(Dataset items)
- - -

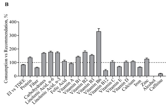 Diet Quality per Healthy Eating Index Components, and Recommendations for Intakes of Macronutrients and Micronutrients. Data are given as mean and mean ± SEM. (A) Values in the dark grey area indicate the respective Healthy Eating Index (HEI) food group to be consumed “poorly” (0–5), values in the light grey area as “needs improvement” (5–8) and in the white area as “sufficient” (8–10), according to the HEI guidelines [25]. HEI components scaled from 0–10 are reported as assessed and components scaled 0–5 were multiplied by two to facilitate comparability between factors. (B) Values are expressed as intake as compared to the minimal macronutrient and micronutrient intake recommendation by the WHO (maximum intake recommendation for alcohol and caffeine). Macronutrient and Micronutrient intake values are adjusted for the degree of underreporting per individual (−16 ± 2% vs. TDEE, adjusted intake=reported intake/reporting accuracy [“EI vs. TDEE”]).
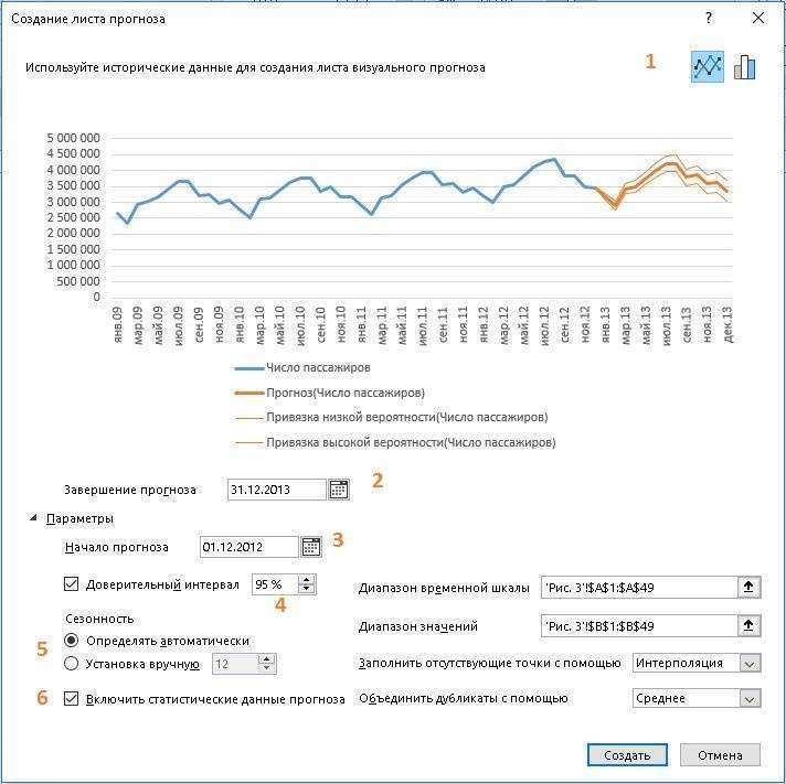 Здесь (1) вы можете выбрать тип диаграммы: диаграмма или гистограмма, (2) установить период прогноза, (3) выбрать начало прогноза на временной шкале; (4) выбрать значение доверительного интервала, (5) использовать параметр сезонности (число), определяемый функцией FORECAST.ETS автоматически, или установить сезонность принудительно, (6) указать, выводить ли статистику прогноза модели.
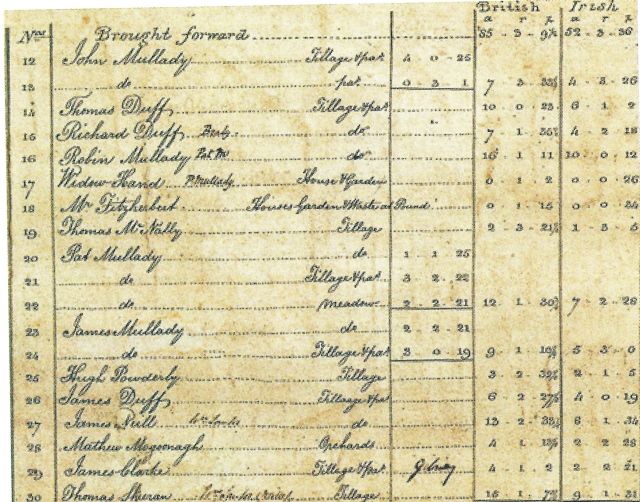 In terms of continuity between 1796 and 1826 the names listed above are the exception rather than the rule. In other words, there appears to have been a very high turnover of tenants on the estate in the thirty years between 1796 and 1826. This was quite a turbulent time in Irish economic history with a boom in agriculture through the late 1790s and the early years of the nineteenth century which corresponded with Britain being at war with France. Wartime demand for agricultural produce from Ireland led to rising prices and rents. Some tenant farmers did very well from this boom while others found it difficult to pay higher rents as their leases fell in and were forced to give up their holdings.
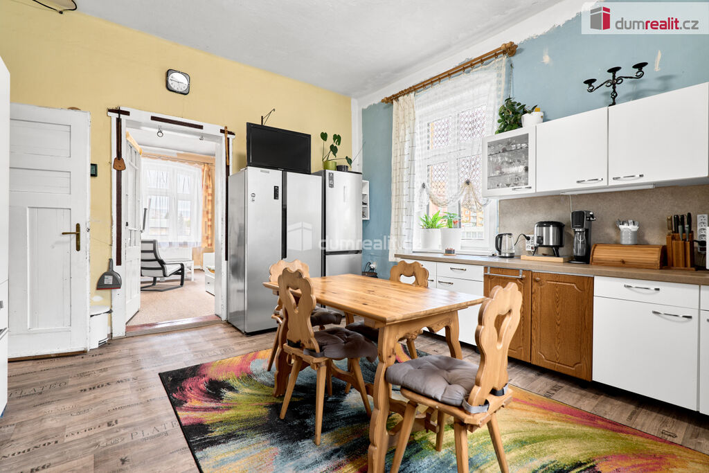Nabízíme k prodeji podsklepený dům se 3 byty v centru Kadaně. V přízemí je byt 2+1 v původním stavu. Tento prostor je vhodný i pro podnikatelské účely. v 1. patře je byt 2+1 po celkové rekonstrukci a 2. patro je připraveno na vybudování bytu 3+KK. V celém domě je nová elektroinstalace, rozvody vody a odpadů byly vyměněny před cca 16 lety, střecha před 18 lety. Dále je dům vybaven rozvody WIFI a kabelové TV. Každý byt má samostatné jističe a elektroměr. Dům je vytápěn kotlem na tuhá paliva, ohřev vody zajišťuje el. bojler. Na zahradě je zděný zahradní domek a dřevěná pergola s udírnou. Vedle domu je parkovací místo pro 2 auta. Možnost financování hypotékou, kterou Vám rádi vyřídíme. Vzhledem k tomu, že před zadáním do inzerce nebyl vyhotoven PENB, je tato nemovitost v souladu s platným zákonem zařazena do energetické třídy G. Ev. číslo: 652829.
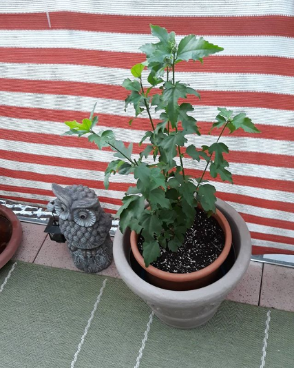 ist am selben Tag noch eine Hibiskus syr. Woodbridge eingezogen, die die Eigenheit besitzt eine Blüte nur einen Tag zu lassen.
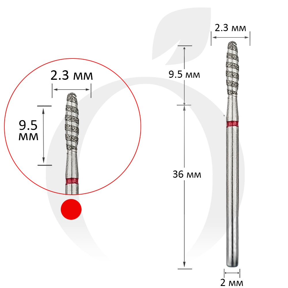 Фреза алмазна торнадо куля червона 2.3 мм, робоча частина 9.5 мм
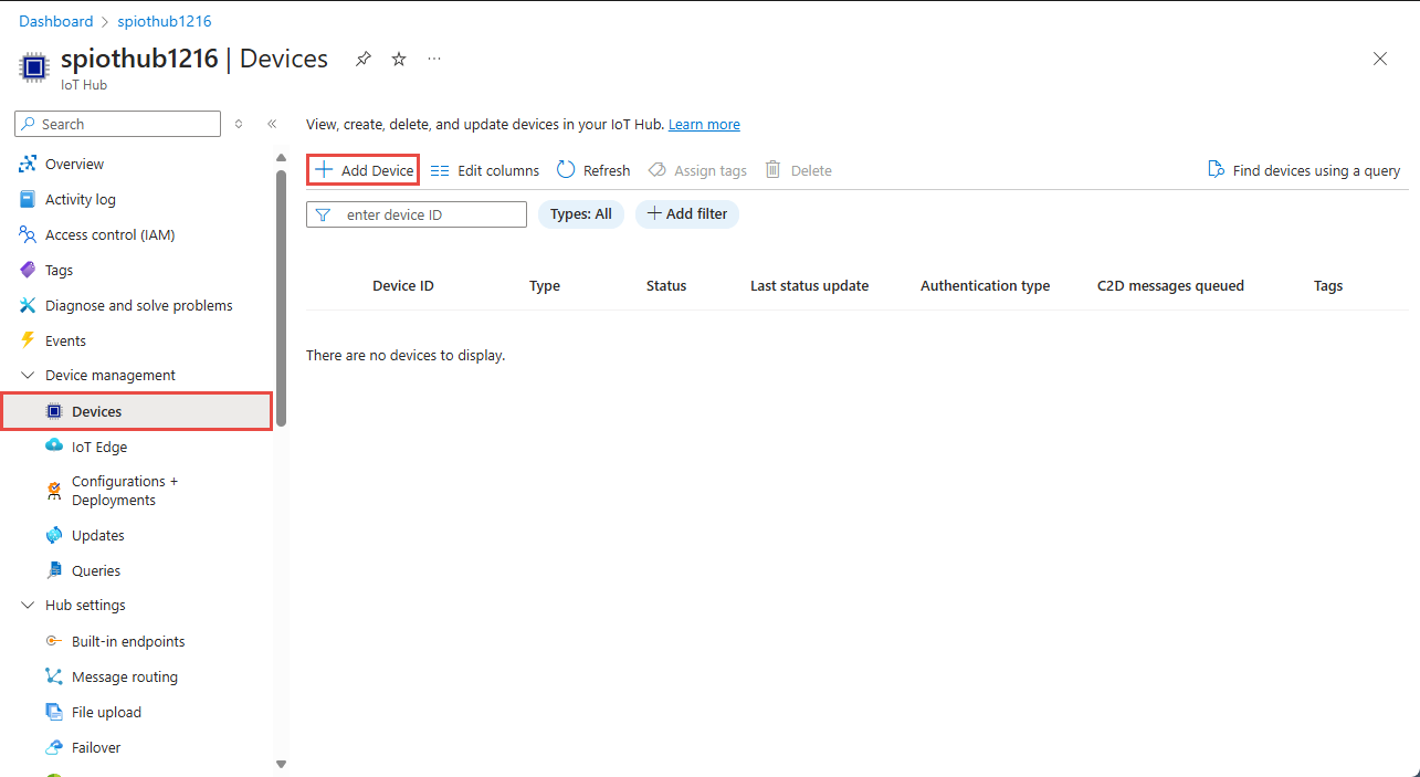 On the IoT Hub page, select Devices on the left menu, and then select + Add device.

- - -

### Task statement
Both ends included, copy the lines from the one holding "Фреза алмазна торнадо" to the last line of the entries exactly, with all pictures left out.

### Written response
 Фреза алмазна торнадо куля червона 2.3 мм, робоча частина 9.5 мм
 On the IoT Hub page, select Devices on the left menu, and then select + Add device.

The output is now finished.